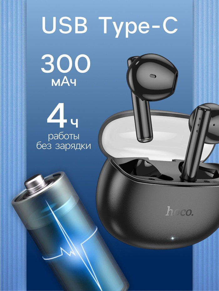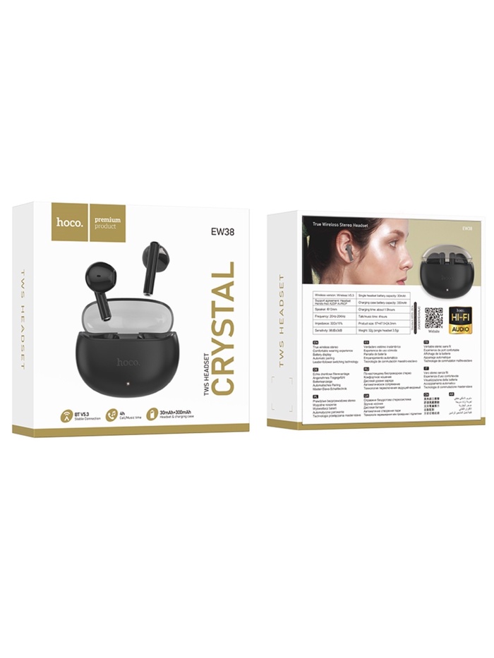 Наушники беспроводные Hoco EW38, TWS, вкладыши, Bluetooth 5.3, 30/300 мАч, шумоподавление, чёрные — Характеристики
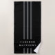 Serviette de plage avec trois lignes gris foncé courant de haut en bas et votre nom en travers.
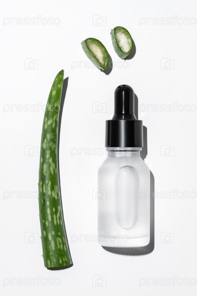 Успокаивающая сыворотка для лица алоэ вера в бутылочке-капельнице и лист алоэ на белом фоне. Натуральная косметика, Мокап

════════

ABOUT THIS TASK: Word for word, repeat the data above with the pictures left out.

YOUR SOLUTION:
 Наушники беспроводные Hoco EW38, TWS, вкладыши, Bluetooth 5.3, 30/300 мАч, шумоподавление, чёрные — Характеристики
 Serviette de plage avec trois lignes gris foncé courant de haut en bas et votre nom en travers.
 Успокаивающая сыворотка для лица алоэ вера в бутылочке-капельнице и лист алоэ на белом фоне. Натуральная косметика, Мокап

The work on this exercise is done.